_Recorded information:_

■ ■ ■

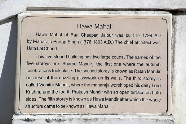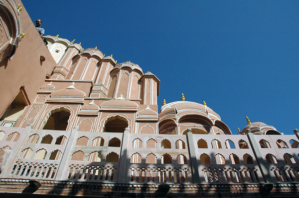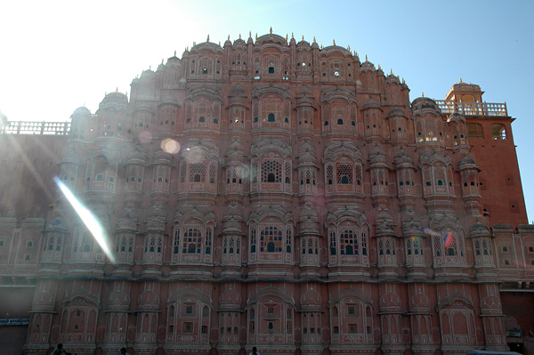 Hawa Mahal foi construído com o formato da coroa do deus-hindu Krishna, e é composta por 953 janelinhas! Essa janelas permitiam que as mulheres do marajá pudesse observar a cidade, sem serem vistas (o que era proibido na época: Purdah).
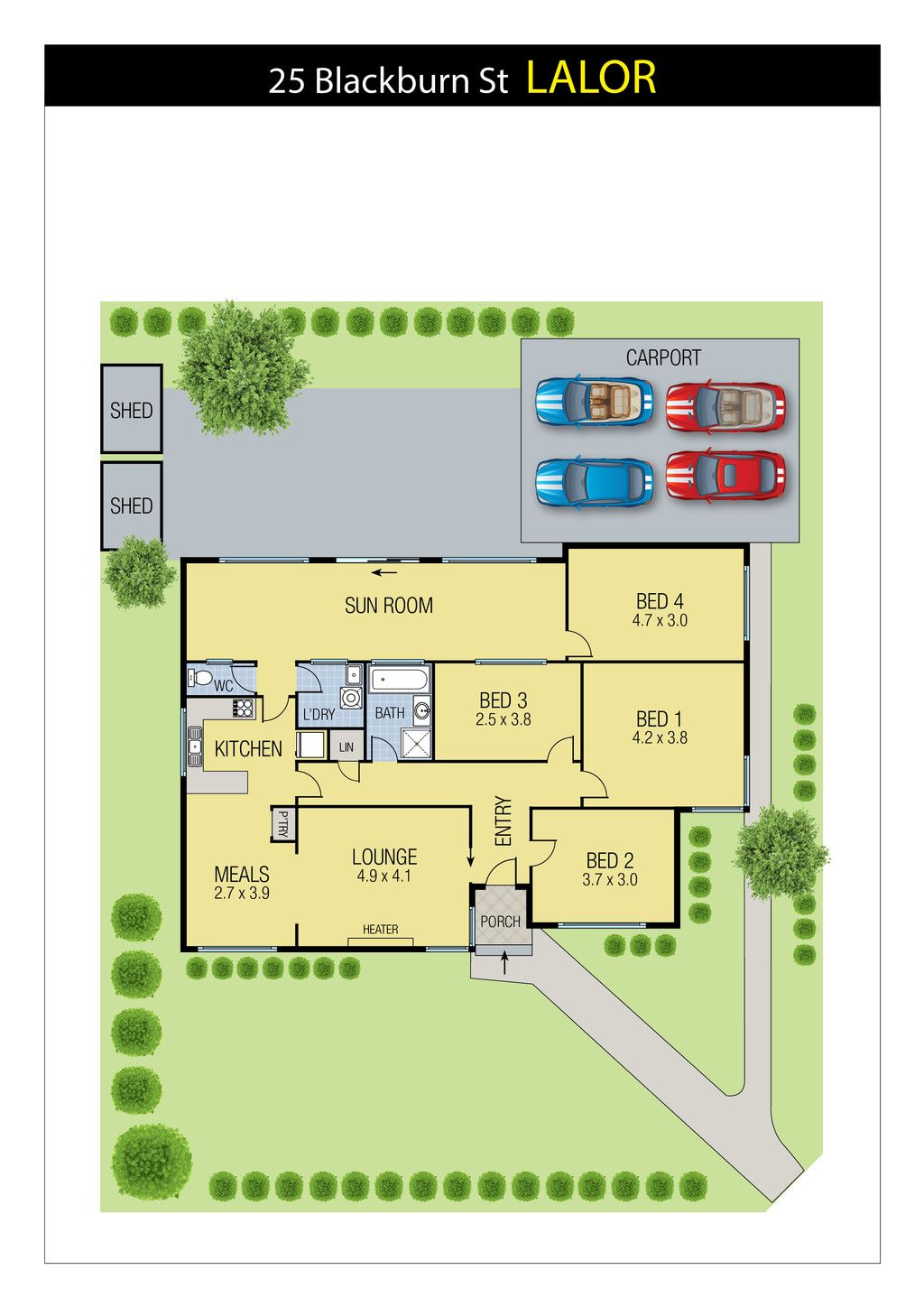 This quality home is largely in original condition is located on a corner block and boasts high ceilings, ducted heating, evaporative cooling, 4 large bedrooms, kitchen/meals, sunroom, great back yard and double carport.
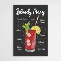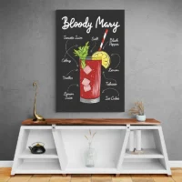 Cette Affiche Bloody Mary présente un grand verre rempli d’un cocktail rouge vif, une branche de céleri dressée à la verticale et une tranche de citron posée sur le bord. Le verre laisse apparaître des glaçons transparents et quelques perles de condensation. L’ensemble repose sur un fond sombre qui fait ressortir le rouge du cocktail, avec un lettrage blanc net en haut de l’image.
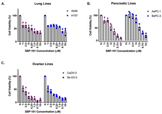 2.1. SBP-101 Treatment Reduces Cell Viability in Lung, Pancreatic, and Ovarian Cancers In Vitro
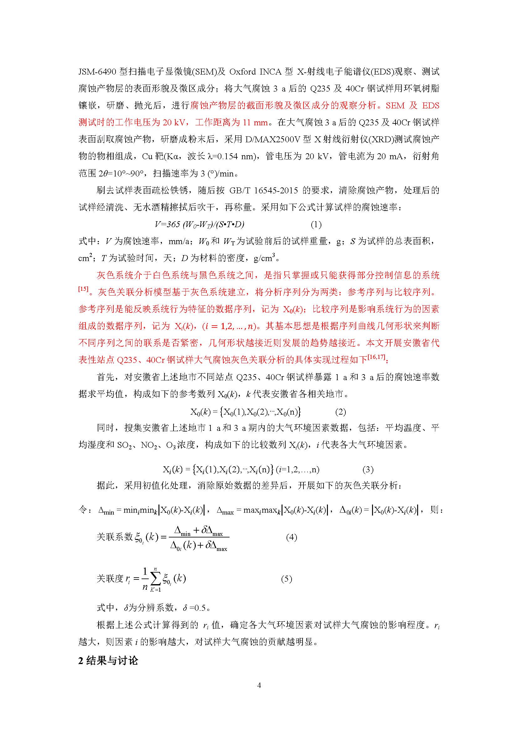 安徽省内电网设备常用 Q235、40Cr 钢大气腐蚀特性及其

■ ■ ■

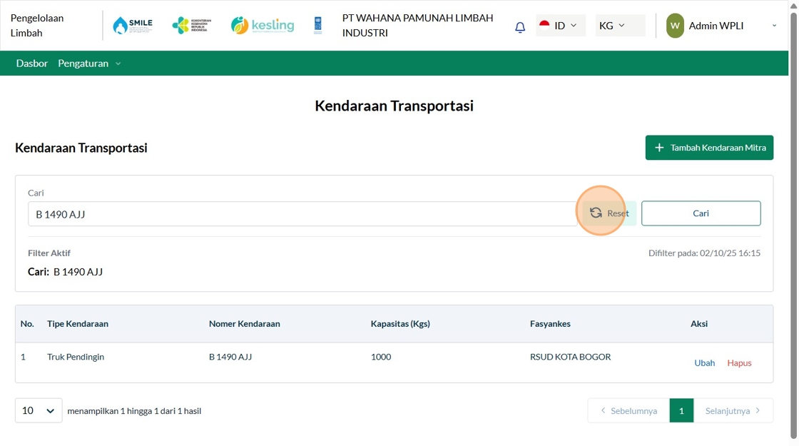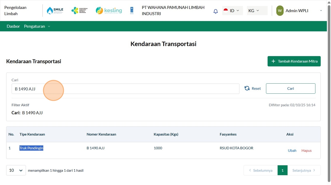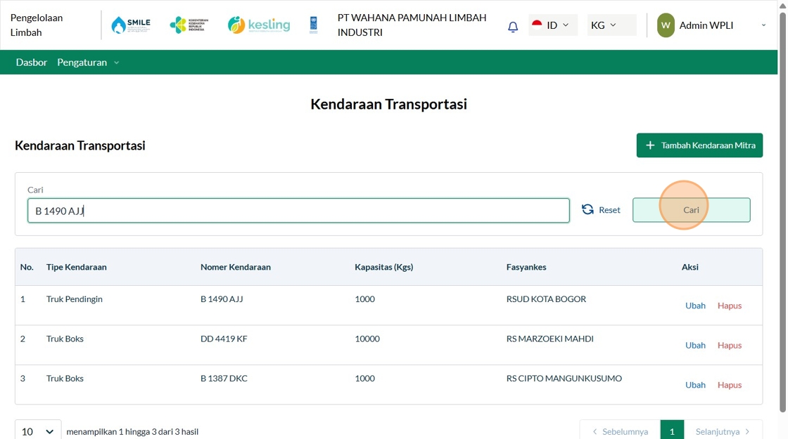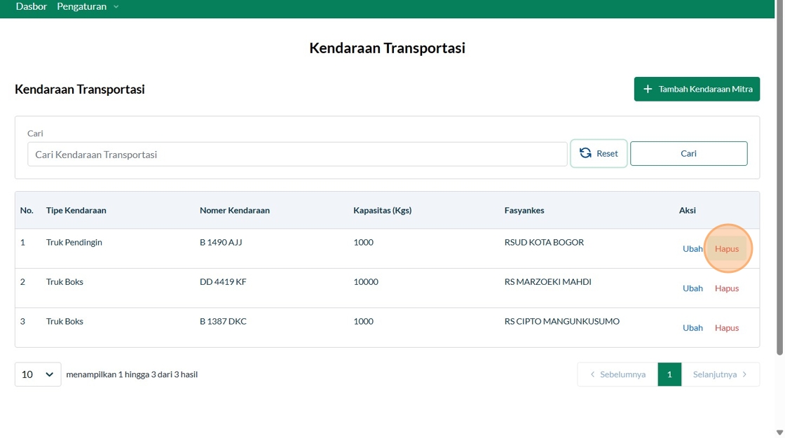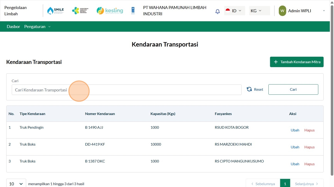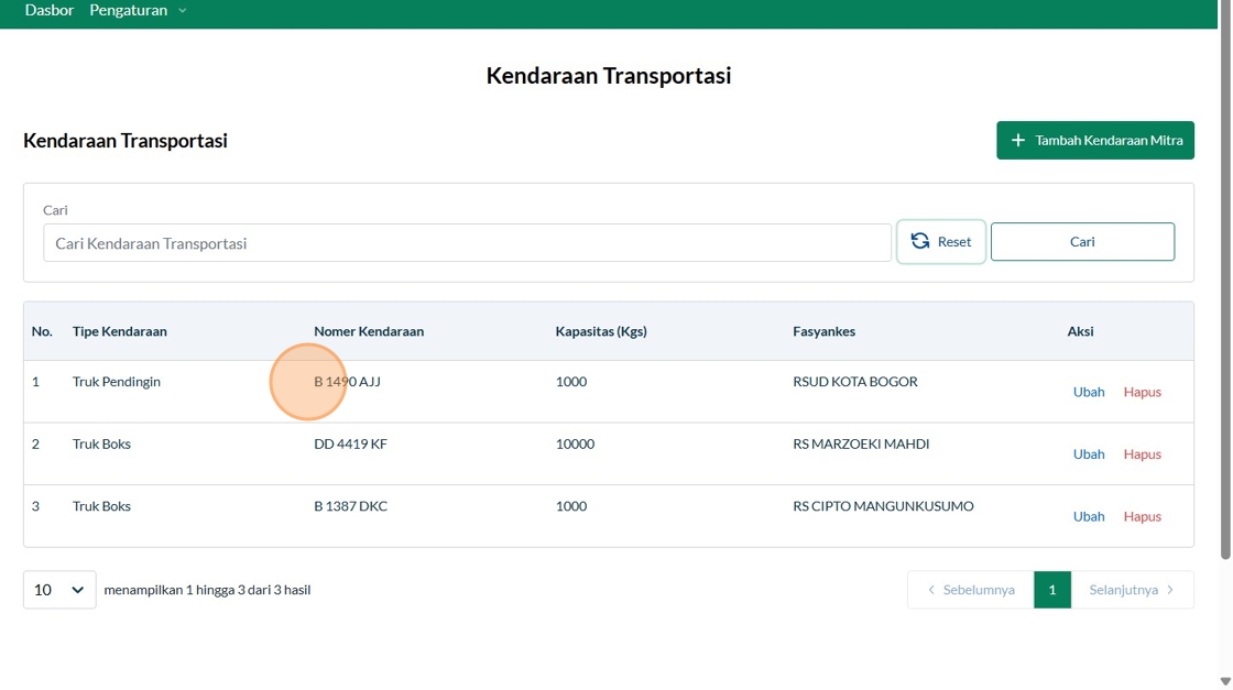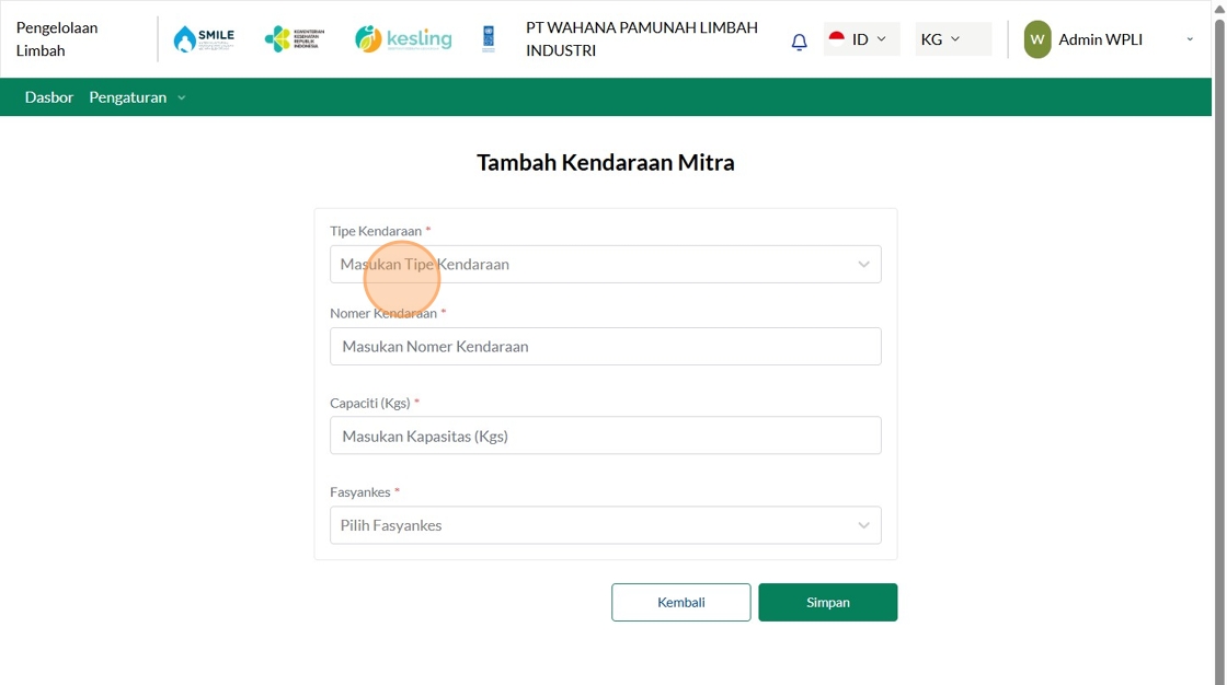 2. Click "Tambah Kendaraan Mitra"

■ ■ ■

_What is required:_
Please return the data above exactly as it stands from the line with "Hawa Mahal foi" to the line with "安徽省内电网设备常用 Q235、40Cr 钢大气腐蚀特性及其", keeping both of those lines but none of the pictures.

_Written answer:_
 Hawa Mahal foi construído com o formato da coroa do deus-hindu Krishna, e é composta por 953 janelinhas! Essa janelas permitiam que as mulheres do marajá pudesse observar a cidade, sem serem vistas (o que era proibido na época: Purdah).
 This quality home is largely in original condition is located on a corner block and boasts high ceilings, ducted heating, evaporative cooling, 4 large bedrooms, kitchen/meals, sunroom, great back yard and double carport.
 Cette Affiche Bloody Mary présente un grand verre rempli d’un cocktail rouge vif, une branche de céleri dressée à la verticale et une tranche de citron posée sur le bord. Le verre laisse apparaître des glaçons transparents et quelques perles de condensation. L’ensemble repose sur un fond sombre qui fait ressortir le rouge du cocktail, avec un lettrage blanc net en haut de l’image.
 2.1. SBP-101 Treatment Reduces Cell Viability in Lung, Pancreatic, and Ovarian Cancers In Vitro
 安徽省内电网设备常用 Q235、40Cr 钢大气腐蚀特性及其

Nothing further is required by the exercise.